From: H. J. Sander Bruggink on 20 Dec 2005 05:52 Charlie-Boo wrote: > Torkel Franzen wrote: >> You mistakenly take the argument to be about classical propositional >>logic. > > > So "~(A<->~A) is a propositional calculus wff" is wrong? (I never used > the word "classical".) But you did talk about "truth tables" and "resolution", both of which are proof methods for classical propositional logic, and not intuitionistic propositional logic. groente -- Sander
From: Charlie-Boo on 20 Dec 2005 08:25 H. J. Sander Bruggink wrote: > Charlie-Boo wrote: > > Torkel Franzen wrote: > > >> You mistakenly take the argument to be about classical propositional > >>logic. > > > > > > So "~(A<->~A) is a propositional calculus wff" is wrong? (I never used > > the word "classical".) > But you did talk about "truth tables" and "resolution", both > of which are proof methods for classical propositional logic, > and not intuitionistic propositional logic.
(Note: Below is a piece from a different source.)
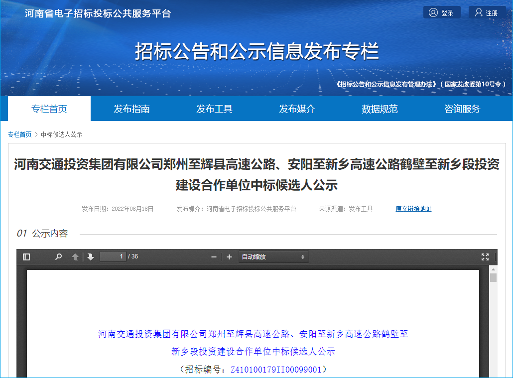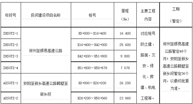2022年8月18日,河南省公共资源交易中心发布了河南交通投资集团有限公司郑州至辉县高速公路、安阳至新乡高速公路鹤壁至新乡段投资建设合作单位中标候选人公示,该项目施工共划分为6个标段,项目总投资约146亿元。

Please give a proof of a propositional calculus proposition that cannot be done using case analysis (examination of the truth tables.) C-B > groente > -- Sander
From: Charlie-Boo on 20 Dec 2005 08:35 David C. Ullrich wrote: > On 19 Dec 2005 07:31:22 -0800, "Charlie-Boo" wrote: > I don't know whether you've noticed this, but others have: Name 2. > You complain that I'm just quibbling about syntax, > and at the same time you ignore most of my comments > about the substance of your Simple yet Profound Metatheorem... Glad you agree it's profound. > Oh for heaven's sake. How was I supposed to know that that two > []'s meant entirely different things? Sorry, I thought you knew all about Logic. > >> > Thm. ((|- P) = (|- Q)) => |- (P=Q) > > > >> This is obviously false. > >> If neither P nor Q is provable (so that > >> ((|- P) = (|- Q)) is true) it certainly > >> does not follow that P==Q _is_ provable. > > > >Let's suppose that P is "1>2" and Q is "2>3". Then P==Q is > >(1>2)==(2>3) which IS provable. > Huh? I said, let's suppose that P is "1>2" and Q is "2>3". Then P==Q is (1>2)==(2>3) which IS provable. > I didn't say that it is never the case that P==Q is > provable. I said that this does not follow from the assumption > that neither P nor Q is provable. I was just illustrating my thinking with a specific example. A better counterexample for you (than meaningless propositional variables) would be P is any Godel sentence and Q is FALSE. > David C. Ullrich
From: Torkel Franzen on 20 Dec 2005 08:53
"Charlie-Boo" <chvol(a)aol.com> writes: > Please give a proof of a propositional calculus proposition that cannot > be done using case analysis (examination of the truth tables.) There are no truth tables for intuitionistic propositional logic. |